Tom calló de nuevo, pero Frodo no pudo dejar de hacer otra pregunta, aquella de la que más deseaba una respuesta.

—Habladnos, Señor —dijo—, del Hombre-Sauce. ¿Qué es? Nunca oí nada de él.

—¡No, no! —dijeron juntos Merry y Pippin, enderezándose bruscamente—. ¡No ahora! ¡No hasta la mañana!

—¡Tenéis razón! —dijo el viejo—. Es tiempo de descansar. No es bueno hablar de ciertas cosas cuando las sombras reinan en el mundo. Dormid hasta que amanezca, reposad la cabeza en las almohadas. ¡No prestéis atención a ningún ruido nocturno! ¡No temáis al sauce gris!

Y diciendo esto bajó la lámpara y la apagó con un soplido, y tomando una vela en cada mano llevó a los hobbits fuera de la habitación.

Los colchones y las almohadas tenían la dulzura de la pluma y las coberturas eran de lana blanca. Acababan de tenderse en los lechos blandos y de acomodarse las mantas cuando se quedaron dormidos.
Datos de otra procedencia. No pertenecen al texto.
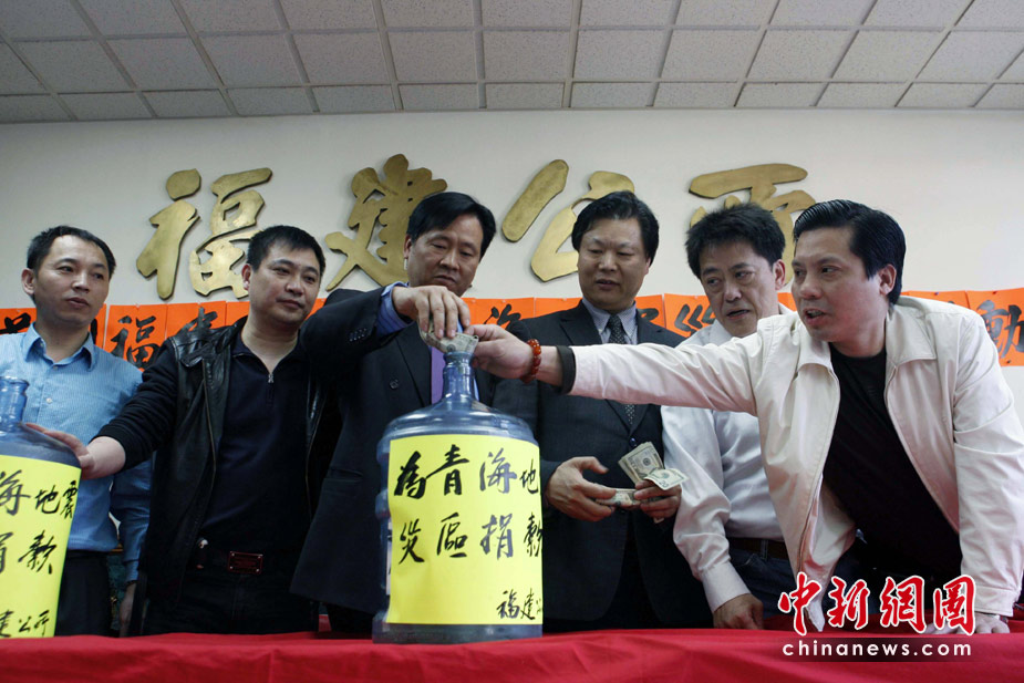 青海玉樹發(fā)生地震以來,美國各地的華人華僑齊伸援手,紐約的華人社團聯(lián)合總會15日呼吁下屬數(shù)百社團為玉樹災(zāi)區(qū)捐款,并在華埠主要街道沿街設(shè)立捐款箱。圖為紐約福建公所捐款現(xiàn)場,華人華僑們在不到幾分鐘的時間內(nèi),就為青海玉樹災(zāi)區(qū)捐款近5000美元。中新社發(fā) 魏晞 攝

En la noche profunda, Frodo tuvo un sueño sin luz. Luego vio que se elevaba la luna nueva, y a la tenue claridad apareció ante él un muro de piedra oscura, atravesado por un arco sombrío parecido a una gran puerta. Le pareció a Frodo que lo llevaban por el aire, y vio entonces que la pared era un círculo de lomas que encerraban una planicie, en el centro se elevaba un pináculo de piedra, semejante a una torre, pero no hecha con las manos. En la cima había una forma humana. La luna subió y durante un momento pareció estar suspendida sobre la cabeza de la figura, reflejándose en los cabellos blancos, movidos por el viento. De la planicie en tinieblas se levantó un clamor de voces feroces, y el aullido de muchos lobos. De pronto una sombra, como grandes alas, pasó delante de la luna. La figura alzó los brazos, y del bastón que tenía en la mano brotó una luz. Un águila enorme bajó entonces del cielo y se llevó a la figura. Las voces gimieron y los lobos aullaron. Hubo un ruido como si soplara un viento huracanado, y con él llegó el sonido de unos cascos que galopaban, galopaban, galopaban desde el este. «¡Los Jinetes Negros!», pensó Frodo despertando y con el golpeteo de los cascos resonándole aún en la cabeza. Se preguntó si tendría alguna vez el coraje de dejar la seguridad de esos muros de piedra. Se quedó quieto, escuchando todavía, pero todo estaba en silencio ahora, y al fin se volvió y se durmió otra vez, o se perdió en un sueño que no le dejó ningún recuerdo.